# Research Plan: Mitigating Privacy Risk of Adversarial Examples with Counterfactual Explanations

## Problem

We aim to address the fundamental tension between robustness and privacy in machine learning models. Current robust models trained with adversarial examples exhibit significantly higher privacy risks compared to non-robust models, creating a critical security vulnerability. The primary hypothesis is that the generalization gap between adversarial and original examples enables privacy attackers to detect distributional differences, thereby increasing privacy risks in robust models.

We observe that existing adversarial example generation methods produce perturbations that are often perceptible and meaningless, particularly on grayscale datasets, violating the core definition of adversarial examples as imperceptible modifications. Additionally, traditional privacy-preserving techniques for non-robust models fail when applied to robust models, as they significantly degrade predictive performance.

Our research questions focus on: (1) whether counterfactual explanations can be leveraged to generate adversarial examples with reduced privacy risks, (2) how to maintain adversarial robustness while achieving privacy protection equivalent to random guessing, and (3) what constitutes the optimal balance between accuracy, robustness, and privacy in model training.

## Method

We propose a novel approach that combines counterfactual explanations with adversarial example generation to create "counterfactual adversarial examples." Our methodology builds on the observation that both adversarial examples and counterfactual explanations involve adding perturbations to alter model predictions, but differ in their constraints and objectives.

The core innovation lies in reversing the traditional generation process: instead of directly perturbing an original sample, we identify the nearest neighbor from a different class and generate counterfactual explanations of this neighbor sample to produce adversarial examples for the original.
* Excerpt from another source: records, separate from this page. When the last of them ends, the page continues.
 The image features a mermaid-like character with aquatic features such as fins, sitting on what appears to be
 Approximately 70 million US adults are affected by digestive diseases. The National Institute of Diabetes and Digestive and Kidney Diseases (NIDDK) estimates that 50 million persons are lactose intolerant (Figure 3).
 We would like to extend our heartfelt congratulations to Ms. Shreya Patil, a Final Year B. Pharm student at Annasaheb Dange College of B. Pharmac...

This approach ensures the generated adversarial examples incorporate features from the neighbor class while maintaining characteristics of the original sample.
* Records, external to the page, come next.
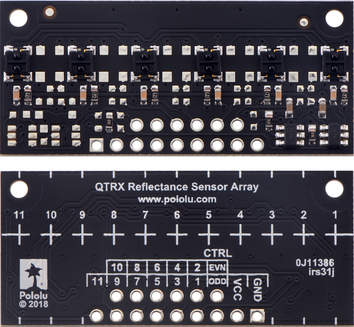 QTRX-MD-06RC Reflectance Sensor Array, front and back views.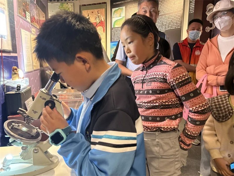 博物馆的几十枚陨石让孩子们兴奋不已,工作人员还提供了亲手触摸陨石的机会,让孩子们零距离接触“星星的眼泪”。此外,博物馆还提供四台不同的显微镜供孩子们观察球粒陨石切片,在微观世界中探究天外来石的奥秘。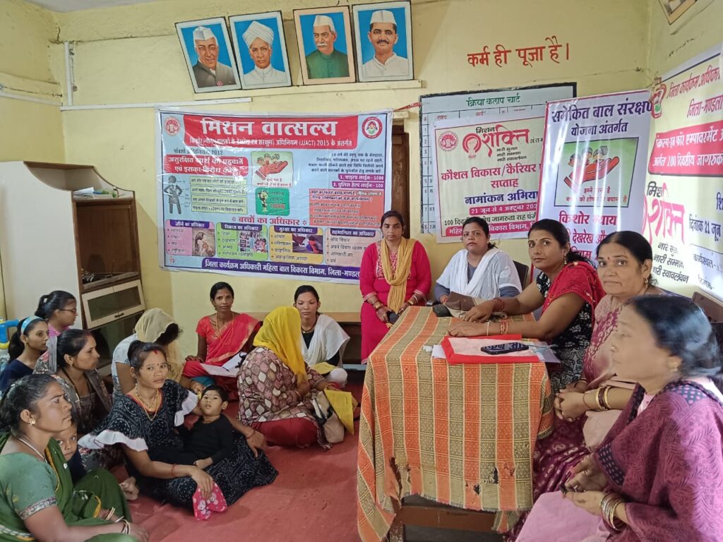 मंडला। प्रशासक वन स्टॉप सेंटर मंडला ने बताया कि बुधवार को स्वाधारगृह महाराजपुर मण्डला में जागरूकता शिविर का आयोजन किया गया। वन स्टॉप सेंटर प्रशासक श्रीमती मधुलिका उपाध्याय ने सरकार की कौशल विकास योजनाओं के बारे में बताया गया एवं इन योजनाओं से जुड़कर आत्मनिर्भर बनने हेतु महिलाओं को मार्गदर्शन प्रदान किया गया। जिले में विभिन्न सेंटरों में संचालित कौशल विकास योजना अंतर्गत महिलाओं और बालिकाओं के लिए सिलाई, कढ़ाई के कार्यों से जुड़ने हेतु कहा गया। साथ ही महिलाओं को महिला हेल्पलाईन 181, चाइल्ड हेल्पलाईन 1098, वन स्टॉप सेंटर एवं हब में दी जाने वाली सहायताओं के बारे में महत्वपूर्ण जानकारी दी गई। उक्त कार्यक्रम में स्वाधारगृह सचिव, कार्यकर्ता, अधीक्षिका एवं वन स्टॉप सेंटर के समस्त कर्मचारी उपस्थित रहे।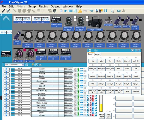 Vor allem, um Platz zu sparen, nutze ich anstelle der Konsole für meine Lichtsteuerung eine Software (Freestyler), die ebenfalls auf meinem Disco-PC-System läuft. Bedient wird das Ganze über ein Eigenbau-Midi-Tastenfeld sowie Shortcuts im Programm.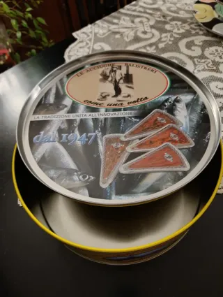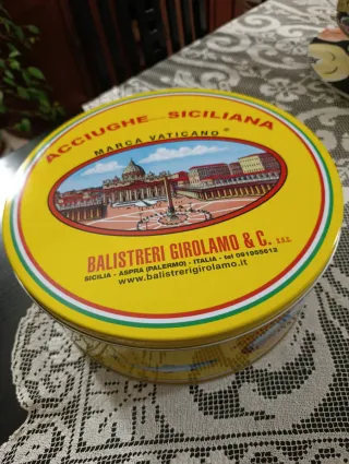 Scatola di latta rotonda con decorazione Acciughe Siciliana Marca Vaticano. - Immagine di Piazza San Pietro a Roma. - Dettagli del produttore: Balistreri Girolamo & C. S.A.C. - Indirizzo: Sicilia - Aspra (Palermo) - Italia. - Contatti telefonici e sito web del produttore.

We will employ autoencoders for counterfactual explanation generation, as they provide superior privacy performance compared to generative models like GANs. The generation process operates in latent space to enhance privacy protection and produce more imperceptible perturbations. We will incorporate sparsity constraints to reduce the generalization gap between adversarial and original datasets, and decouple the adversarial generation process from model training to prevent the model from memorizing individual samples.

## Experiment Design

We will conduct experiments using CNN architectures with three dropout layers on the MNIST dataset to evaluate our approach against established methods including PGD and AdvGAN. The experimental framework will maintain consistent model architectures across generation and training processes, with all models fully trained without overfitting to minimize generalization gap impacts.

Privacy risk assessment will utilize membership inference attacks (MIA) under black-box settings, where attackers can only access prediction results. We will employ state-of-the-art attack methods specifically designed for robust models to evaluate privacy leakage. The separation of adversarial generation and training processes will be implemented across all methods for fair comparison.
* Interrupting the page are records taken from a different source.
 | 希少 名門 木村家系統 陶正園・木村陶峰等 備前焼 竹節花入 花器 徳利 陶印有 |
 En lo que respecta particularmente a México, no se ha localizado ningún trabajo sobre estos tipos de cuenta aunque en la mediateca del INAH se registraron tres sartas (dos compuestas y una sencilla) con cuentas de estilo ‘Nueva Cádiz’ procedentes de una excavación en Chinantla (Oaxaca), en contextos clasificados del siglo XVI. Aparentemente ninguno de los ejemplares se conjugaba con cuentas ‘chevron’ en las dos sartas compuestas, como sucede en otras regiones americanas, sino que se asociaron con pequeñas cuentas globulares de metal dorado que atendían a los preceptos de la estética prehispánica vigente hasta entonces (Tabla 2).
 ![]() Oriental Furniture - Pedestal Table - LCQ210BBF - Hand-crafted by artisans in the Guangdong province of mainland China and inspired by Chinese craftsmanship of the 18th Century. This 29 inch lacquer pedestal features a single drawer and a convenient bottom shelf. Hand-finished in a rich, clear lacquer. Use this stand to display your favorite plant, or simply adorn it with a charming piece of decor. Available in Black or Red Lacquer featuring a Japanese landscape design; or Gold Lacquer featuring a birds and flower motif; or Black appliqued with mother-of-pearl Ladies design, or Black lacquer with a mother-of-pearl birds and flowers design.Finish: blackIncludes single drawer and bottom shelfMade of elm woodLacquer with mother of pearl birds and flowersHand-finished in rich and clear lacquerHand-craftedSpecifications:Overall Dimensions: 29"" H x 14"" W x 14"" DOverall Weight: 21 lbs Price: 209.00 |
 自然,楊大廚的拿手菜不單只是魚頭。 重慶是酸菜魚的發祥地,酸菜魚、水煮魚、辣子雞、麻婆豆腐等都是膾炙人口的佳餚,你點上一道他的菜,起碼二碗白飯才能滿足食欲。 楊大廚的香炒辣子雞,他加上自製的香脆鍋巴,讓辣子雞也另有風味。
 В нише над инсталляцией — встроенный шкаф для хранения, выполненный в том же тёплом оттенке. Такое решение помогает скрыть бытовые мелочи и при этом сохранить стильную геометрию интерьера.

To analyze the relationship between robustness and privacy, we will systematically vary the proportion of adversarial examples in training sets while controlling total data quantity. We will use t-SNE visualization to examine data distribution similarities between original and adversarial datasets, providing insights into why our method achieves better privacy performance.

The evaluation metrics will include training accuracy, test accuracy, and MIA accuracy, with the goal of achieving MIA accuracy approaching 50% (random guessing level) while maintaining competitive model performance. We will also analyze the semantic meaningfulness of generated perturbations and their alignment with adversarial example definitions across different dataset types.